A unique surprise for the Bay Area stop on Tobin’s tour was the inclusion of the San Francisco-based Kronos Quartet as an opening act, who took the stage to wild applause an hour after the last rays of sunlight had dipped behind the Berkeley hills. Under stoic, azure hues, the quartet performed six songs that demonstrated the impressive scope of their work and skill, with pieces by Café Tacuba, Clint Mansell, and Bryce Dessner of The National included in their set. “Death To Kosmische”, an avant-garde piece by Montreal composer Nicole Lizée, saw each member of the quartet trade in their string instruments with small gadgets that bleeped, screeched, and hummed at random frequencies. Each musician possessed a role in the song with their own unusual apparatus, while the other three backed them up amongst the shimmering tide of blips and waves. The rest of the set upped the drama and intensity with every passing moment, even with very little movement or change of scenery onstage; the energy and concentration of the musicians resonated within every note, and the crowd exploded with cheers at the end of each number. No doubt selected because of their own theatrical feel and stylings, as well as their work with Tobin on his 2007 album Foley Room, the Kronos Quartet was well-received by the massive audience — one enthusiastic fan threw a bra onstage, which founder David Harrington remarked as a phenomenon that had never happened to them before.

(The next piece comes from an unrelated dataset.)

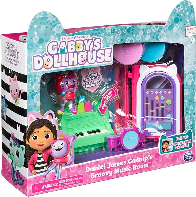 Gabby’s Dollhouse, Groovy Music Room with Daniel James Catnip Figure, 2 Accessories, 2 Furniture Pieces and 2 Deliveries, Kids Toys for Ages 3 and up

When the thick curtain that had covered the back of the Greek Theatre’s stage finally parted, revealing the titanic display behind it, the roar of the crowd seemed to seek to overpower the soundsystem that was about to be activated at full force. As magnificent as the audience’s volume might have been, it was nothing to the otherworldly growl of “Journeyman”, the opening number of ISAM, that bellowed its way through the wall of subwoofers and towering speaker curves that framed the ivory mass as it pulsated, a writhing, cybernetic, gelatinous display clawing its way into existence upon it. Circuits, gears, clouds and stars all raced across the surface of the structure, and every single sound — whether hissing and alien, glistening and melodic, snarling and chaotic, or intrusive and poetic — was given a swinging, thudding, or otherwise animated visual accompaniment upon the leviathan display.
Amon Tobin’s ISAM, as an album, is a journey that alternates between shuddering, gripping walls of bass and synthesizers, and cavernous thrill rides betwixt with buzzing, rattling sonic cacophonies. Danceability is less a factor than experimentation, and while there are several solidly-structured songs that exist within the 50 minutes that ISAM occupies, there is never a moment where the phenomenon comes to a rest. The hypnotic dais that is ISAM Live offers up the fullest evidence of this, with even the quietest passages featuring small, star-like specks or dancing pillars of illumination, the signs of life never disappearing from the projection surface. Many of the projections correspond to an artist’s perception of what is generating the sounds, hence the overt displays of churning gears and tendril-like hues that snake their way along the cube corners from tip to tail of the behemoth imagery.
Despite the fact that the show is primarily pre-set and automated, in order to allow the visuals proper synchronization with the album’s unctuous tunes, a larger cube, set into the center of the structure, served as the cockpit for Tobin throughout the set. No doubt relying on simpler tools like subtle audio manipulations and dramatic filter sweeps, it was invigorating to see the artist “piloting” his work and directing the flow of the performance. Clad in an astronaut’s suit and lit by faint yellowish lights within his cube, Tobin moved and swept himself back and forth with the waves of sound, alternately reappearing and disappearing throughout the evening, mostly in the longer sequences. A new visual treat came thanks to a camera within the case, which sculpted a wireframe display of Tobin and his drifting hands as they played with spidery waves of sound upon the cubes.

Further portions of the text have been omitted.